## Assignment
Find how many lines in the data below mention "momento". Give the number only.

## Available records
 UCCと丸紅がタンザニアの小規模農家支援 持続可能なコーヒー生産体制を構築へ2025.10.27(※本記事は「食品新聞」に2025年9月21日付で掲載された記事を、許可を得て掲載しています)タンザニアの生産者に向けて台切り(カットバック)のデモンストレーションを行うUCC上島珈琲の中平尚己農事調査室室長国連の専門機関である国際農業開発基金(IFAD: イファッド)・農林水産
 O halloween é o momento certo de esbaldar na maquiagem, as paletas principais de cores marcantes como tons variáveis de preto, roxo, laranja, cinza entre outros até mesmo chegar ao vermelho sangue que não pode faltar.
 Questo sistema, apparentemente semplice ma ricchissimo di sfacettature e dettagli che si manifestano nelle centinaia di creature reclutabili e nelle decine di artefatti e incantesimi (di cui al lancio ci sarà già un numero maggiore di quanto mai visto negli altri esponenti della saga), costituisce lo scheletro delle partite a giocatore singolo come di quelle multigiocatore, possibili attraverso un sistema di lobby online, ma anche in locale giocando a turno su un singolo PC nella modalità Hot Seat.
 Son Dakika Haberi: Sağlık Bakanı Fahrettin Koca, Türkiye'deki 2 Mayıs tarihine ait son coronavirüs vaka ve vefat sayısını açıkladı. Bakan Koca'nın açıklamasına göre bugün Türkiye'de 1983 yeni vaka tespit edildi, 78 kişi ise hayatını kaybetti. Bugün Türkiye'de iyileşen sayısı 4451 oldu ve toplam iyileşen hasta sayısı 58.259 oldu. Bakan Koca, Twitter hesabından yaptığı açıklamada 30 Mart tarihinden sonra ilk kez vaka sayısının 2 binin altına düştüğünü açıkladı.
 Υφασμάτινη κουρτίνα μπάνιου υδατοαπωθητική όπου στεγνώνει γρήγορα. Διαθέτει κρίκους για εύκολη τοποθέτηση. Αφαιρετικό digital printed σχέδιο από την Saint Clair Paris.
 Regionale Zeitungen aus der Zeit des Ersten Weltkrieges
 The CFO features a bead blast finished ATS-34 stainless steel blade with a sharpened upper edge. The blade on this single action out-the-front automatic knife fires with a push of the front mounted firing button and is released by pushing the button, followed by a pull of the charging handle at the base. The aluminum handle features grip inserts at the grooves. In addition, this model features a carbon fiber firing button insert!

* * *

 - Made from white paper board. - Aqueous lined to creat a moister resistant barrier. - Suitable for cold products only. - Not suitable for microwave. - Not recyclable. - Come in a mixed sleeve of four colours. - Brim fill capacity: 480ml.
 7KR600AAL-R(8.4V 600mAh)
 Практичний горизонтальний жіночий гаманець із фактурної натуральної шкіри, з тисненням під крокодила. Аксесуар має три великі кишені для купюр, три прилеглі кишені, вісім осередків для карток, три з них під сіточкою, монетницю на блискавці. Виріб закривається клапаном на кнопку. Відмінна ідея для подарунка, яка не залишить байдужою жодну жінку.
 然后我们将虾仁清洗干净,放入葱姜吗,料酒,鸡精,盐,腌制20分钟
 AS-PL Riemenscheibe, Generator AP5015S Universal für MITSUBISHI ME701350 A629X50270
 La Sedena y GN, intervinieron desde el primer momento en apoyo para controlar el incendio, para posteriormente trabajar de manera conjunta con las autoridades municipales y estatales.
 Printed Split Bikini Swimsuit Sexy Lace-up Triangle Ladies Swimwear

## Your solution
2